RECORDS SHOWN:
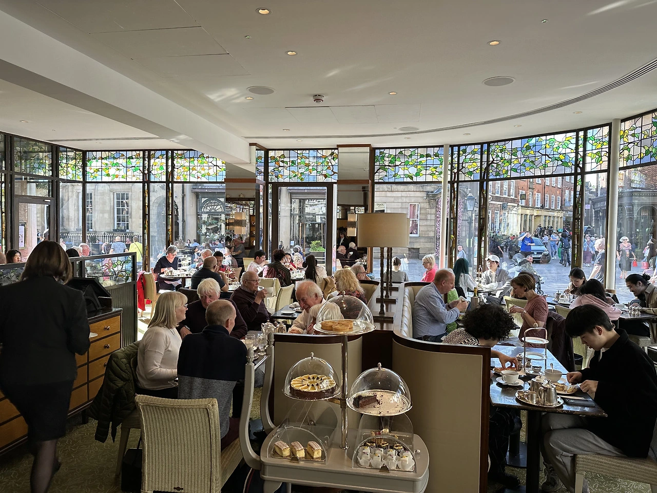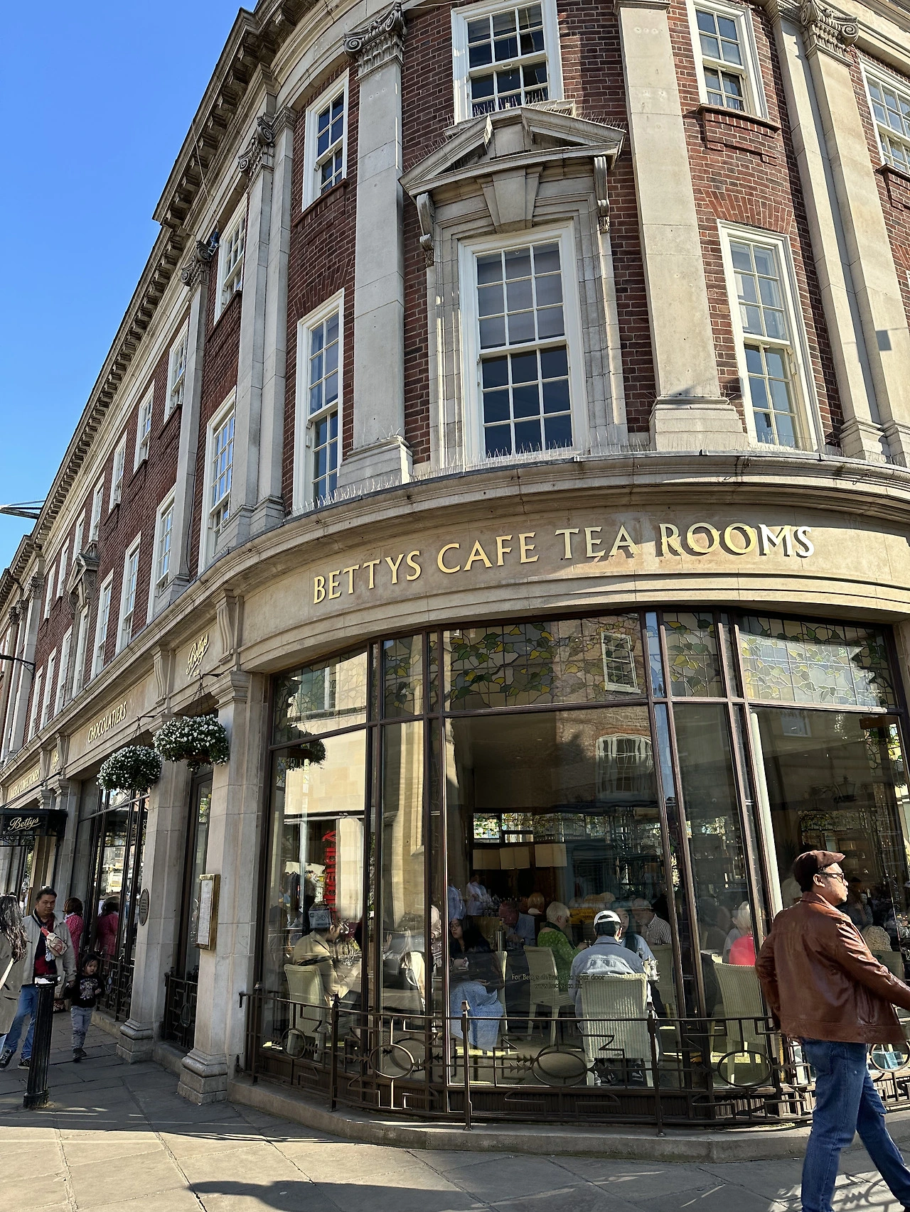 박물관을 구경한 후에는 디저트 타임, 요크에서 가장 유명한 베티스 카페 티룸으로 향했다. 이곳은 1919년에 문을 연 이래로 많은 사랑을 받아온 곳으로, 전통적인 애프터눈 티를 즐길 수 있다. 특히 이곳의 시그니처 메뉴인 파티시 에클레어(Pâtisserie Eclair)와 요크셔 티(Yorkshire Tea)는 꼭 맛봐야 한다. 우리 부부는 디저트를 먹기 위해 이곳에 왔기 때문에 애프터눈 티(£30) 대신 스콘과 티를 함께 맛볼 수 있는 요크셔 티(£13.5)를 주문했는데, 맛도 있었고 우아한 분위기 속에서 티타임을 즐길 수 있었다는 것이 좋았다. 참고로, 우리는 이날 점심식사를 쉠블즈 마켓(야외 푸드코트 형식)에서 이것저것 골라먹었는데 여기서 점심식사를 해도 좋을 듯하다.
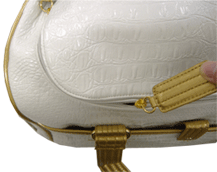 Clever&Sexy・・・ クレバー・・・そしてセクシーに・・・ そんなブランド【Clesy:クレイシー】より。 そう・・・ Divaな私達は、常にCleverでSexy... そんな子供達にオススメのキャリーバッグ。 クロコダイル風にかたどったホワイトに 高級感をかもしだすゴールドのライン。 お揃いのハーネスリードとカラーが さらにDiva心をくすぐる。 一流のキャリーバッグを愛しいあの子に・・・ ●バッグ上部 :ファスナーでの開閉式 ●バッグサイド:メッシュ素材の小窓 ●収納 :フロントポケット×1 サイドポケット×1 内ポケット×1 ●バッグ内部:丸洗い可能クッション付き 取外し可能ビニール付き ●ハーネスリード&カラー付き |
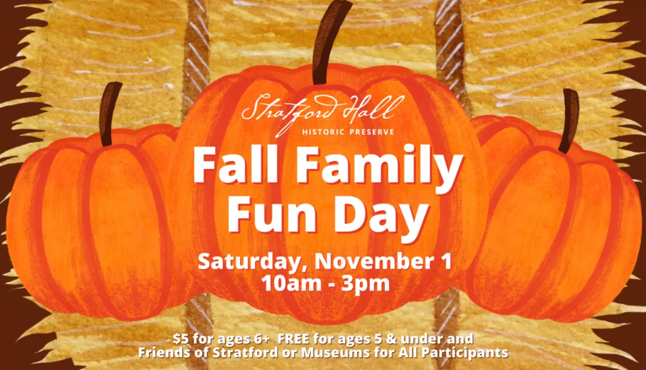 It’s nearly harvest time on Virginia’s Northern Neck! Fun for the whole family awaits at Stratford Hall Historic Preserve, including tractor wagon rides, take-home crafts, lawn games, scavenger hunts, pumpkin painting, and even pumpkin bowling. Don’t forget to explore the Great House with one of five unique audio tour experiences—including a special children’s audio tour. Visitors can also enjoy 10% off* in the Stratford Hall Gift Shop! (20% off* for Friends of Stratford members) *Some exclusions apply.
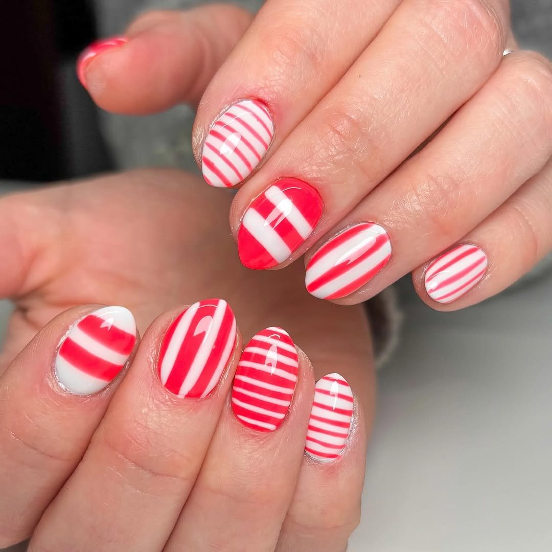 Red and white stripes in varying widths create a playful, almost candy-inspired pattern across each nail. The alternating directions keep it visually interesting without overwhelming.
---
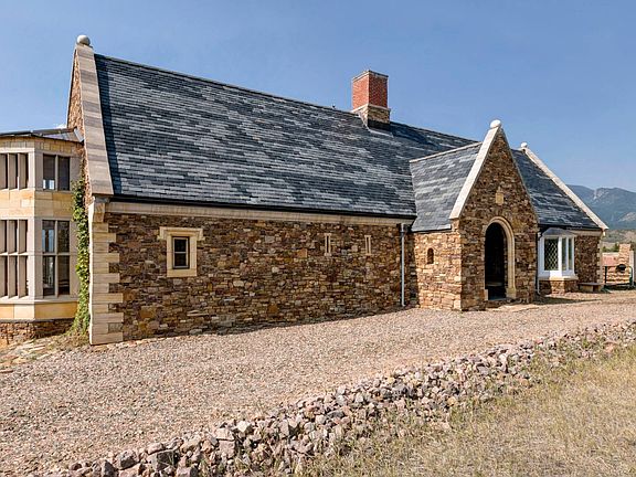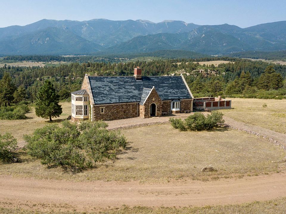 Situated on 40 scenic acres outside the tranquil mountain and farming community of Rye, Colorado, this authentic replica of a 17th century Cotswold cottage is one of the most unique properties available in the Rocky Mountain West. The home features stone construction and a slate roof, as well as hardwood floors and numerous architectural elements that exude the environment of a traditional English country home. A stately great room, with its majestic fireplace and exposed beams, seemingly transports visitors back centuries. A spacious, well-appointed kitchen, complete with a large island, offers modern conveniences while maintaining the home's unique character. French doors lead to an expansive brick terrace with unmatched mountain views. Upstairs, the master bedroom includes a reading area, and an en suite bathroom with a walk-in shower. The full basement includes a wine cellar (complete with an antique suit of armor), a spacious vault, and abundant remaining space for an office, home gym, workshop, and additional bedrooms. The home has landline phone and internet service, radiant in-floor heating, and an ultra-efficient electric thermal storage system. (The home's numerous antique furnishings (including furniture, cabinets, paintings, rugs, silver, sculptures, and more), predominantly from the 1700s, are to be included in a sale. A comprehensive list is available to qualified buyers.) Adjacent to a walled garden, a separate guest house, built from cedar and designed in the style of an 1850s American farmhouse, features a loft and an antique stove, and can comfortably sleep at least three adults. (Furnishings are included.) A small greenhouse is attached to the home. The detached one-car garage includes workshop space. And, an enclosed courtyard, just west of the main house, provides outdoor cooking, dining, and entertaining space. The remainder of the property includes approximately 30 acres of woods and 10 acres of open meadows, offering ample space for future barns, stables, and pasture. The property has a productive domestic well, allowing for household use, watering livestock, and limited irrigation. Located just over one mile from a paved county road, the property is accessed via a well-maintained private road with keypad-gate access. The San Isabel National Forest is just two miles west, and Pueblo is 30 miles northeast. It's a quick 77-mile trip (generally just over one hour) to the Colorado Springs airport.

WHAT IS EXPECTED: From the records above, transcribe exactly the lines starting at the one containing "박물관을 구경한 후에는" and ending at the one containing "Red and white". Skip the pictures.

RESPONSE TO THIS EXERCISE:
 박물관을 구경한 후에는 디저트 타임, 요크에서 가장 유명한 베티스 카페 티룸으로 향했다. 이곳은 1919년에 문을 연 이래로 많은 사랑을 받아온 곳으로, 전통적인 애프터눈 티를 즐길 수 있다. 특히 이곳의 시그니처 메뉴인 파티시 에클레어(Pâtisserie Eclair)와 요크셔 티(Yorkshire Tea)는 꼭 맛봐야 한다. 우리 부부는 디저트를 먹기 위해 이곳에 왔기 때문에 애프터눈 티(£30) 대신 스콘과 티를 함께 맛볼 수 있는 요크셔 티(£13.5)를 주문했는데, 맛도 있었고 우아한 분위기 속에서 티타임을 즐길 수 있었다는 것이 좋았다. 참고로, 우리는 이날 점심식사를 쉠블즈 마켓(야외 푸드코트 형식)에서 이것저것 골라먹었는데 여기서 점심식사를 해도 좋을 듯하다.
 Clever&Sexy・・・ クレバー・・・そしてセクシーに・・・ そんなブランド【Clesy:クレイシー】より。 そう・・・ Divaな私達は、常にCleverでSexy... そんな子供達にオススメのキャリーバッグ。 クロコダイル風にかたどったホワイトに 高級感をかもしだすゴールドのライン。 お揃いのハーネスリードとカラーが さらにDiva心をくすぐる。 一流のキャリーバッグを愛しいあの子に・・・ ●バッグ上部 :ファスナーでの開閉式 ●バッグサイド:メッシュ素材の小窓 ●収納 :フロントポケット×1 サイドポケット×1 内ポケット×1 ●バッグ内部:丸洗い可能クッション付き 取外し可能ビニール付き ●ハーネスリード&カラー付き |
 It’s nearly harvest time on Virginia’s Northern Neck! Fun for the whole family awaits at Stratford Hall Historic Preserve, including tractor wagon rides, take-home crafts, lawn games, scavenger hunts, pumpkin painting, and even pumpkin bowling. Don’t forget to explore the Great House with one of five unique audio tour experiences—including a special children’s audio tour. Visitors can also enjoy 10% off* in the Stratford Hall Gift Shop! (20% off* for Friends of Stratford members) *Some exclusions apply.
 Red and white stripes in varying widths create a playful, almost candy-inspired pattern across each nail. The alternating directions keep it visually interesting without overwhelming.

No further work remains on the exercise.